Modelo impulsiona empregos, financia universidade, crédito e aposta na bioeconomia como nova fronteira

28/02/2026 às 14h21 Por:
Zona Franca de Manaus completa 59 anos com R$ 19,9 bilhões em investimentos aprovados Foto: Divulgação

A Zona Franca de Manaus (ZFM) completa 59 anos consolidada como principal motor econômico do Amazonas. Entre 2023 e 2025, foram aprovados R$ 19,9 bilhões em investimentos industriais, com impacto direto na geração de empregos e no financiamento de políticas públicas.

 

No centro desse processo está o Conselho de Desenvolvimento do Estado do Amazonas (Codam), coordenado pela Secretaria de Estado de Desenvolvimento Econômico, Ciência, Tecnologia e Inovação.

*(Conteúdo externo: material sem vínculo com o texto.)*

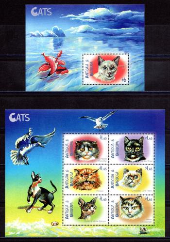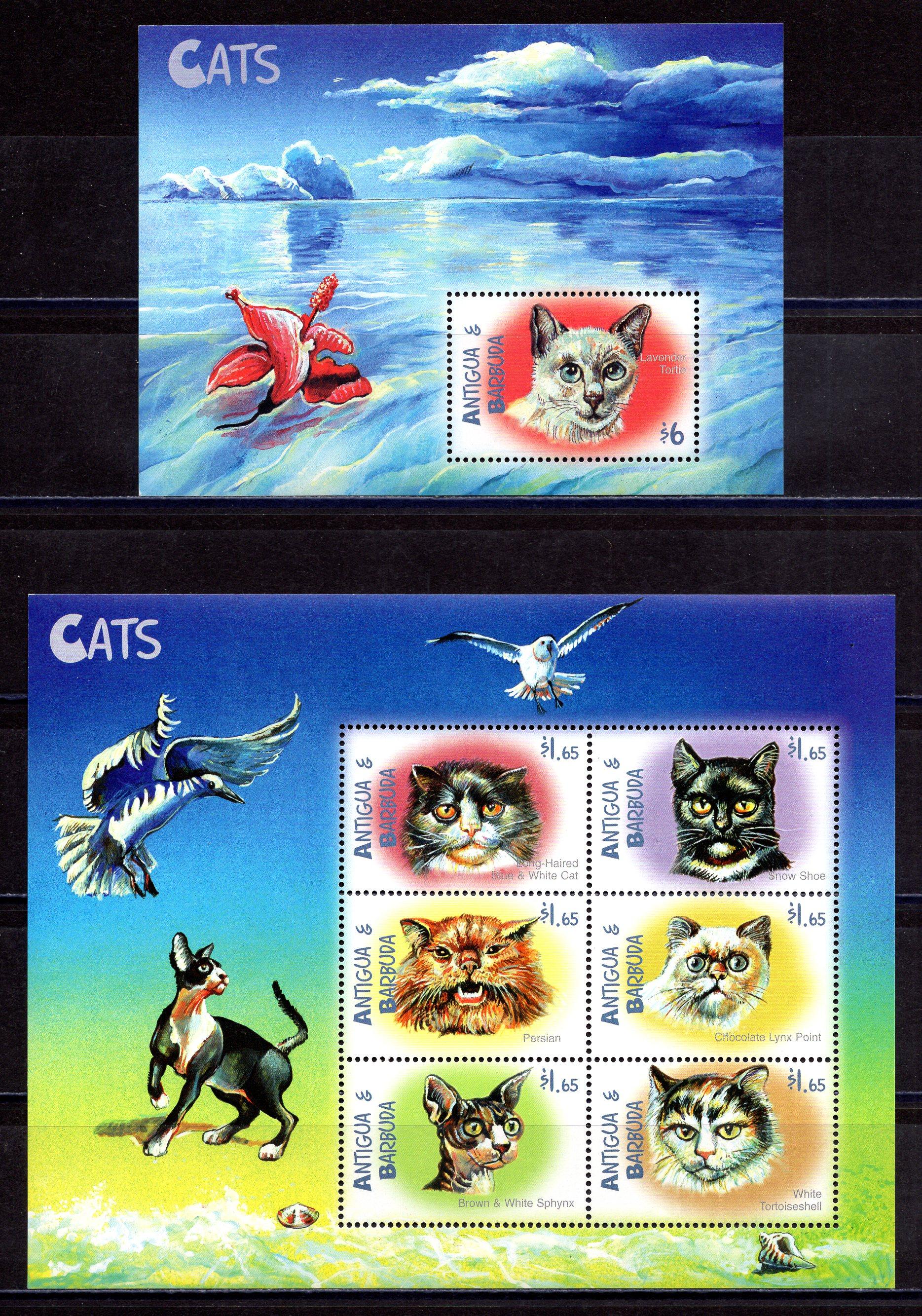 Почтовые марки. Антигуа. 2000г. Кошки. №3142-3147, Блок №454.

No período, foram 840 projetos aprovados, superando o ciclo anterior. A previsão é de 24,6 mil novos postos de trabalho.

 

As empresas beneficiadas assumem contrapartidas que vão além da instalação industrial. Parte dos recursos arrecadados alimenta fundos estratégicos, como o FTI, voltado a infraestrutura e interiorização, e o FMPES, que garante crédito a pequenos empreendedores por meio da Agência de Fomento do Estado do Amazonas.

 

A política industrial também sustenta a Universidade do Estado do Amazonas (UEA). Em 2026, 97,7% do orçamento autorizado da instituição é proveniente de recursos vinculados ao modelo. Entre 2023 e 2025, os valores empenhados cresceram de R$ 658 milhões para R$ 890 milhões, ampliando o atendimento a mais de 26 mil estudantes entre graduação e pós-graduação.

 

No crédito produtivo, a Afeam já aplicou mais de R$ 915 milhões no atual mandato estadual, totalizando quase 46 mil operações. Desde 2019, o volume ultrapassa R$ 1,48 bilhão, com foco em pequenos negócios, setor primário e empresas de base tecnológica.

 

A carteira de projetos aprovados também aponta mudança de perfil industrial. Entre os exemplos está a Livoltek, que pretende produzir motores elétricos para embarcações, reduzindo emissão de poluentes e ruídos nos rios amazônicos.

 

Paralelamente, o governo lançou o Plano Estadual de Bioeconomia, integrando indústria e floresta em uma estratégia de desenvolvimento de baixo carbono. A proposta é usar a arrecadação e os investimentos em pesquisa para fortalecer cadeias produtivas sustentáveis.

 

Ao completar quase seis décadas, a Zona Franca mantém o papel de política de Estado. O desafio, segundo o governo, é aprimorar o modelo para garantir competitividade industrial, inovação e expansão do desenvolvimento regional.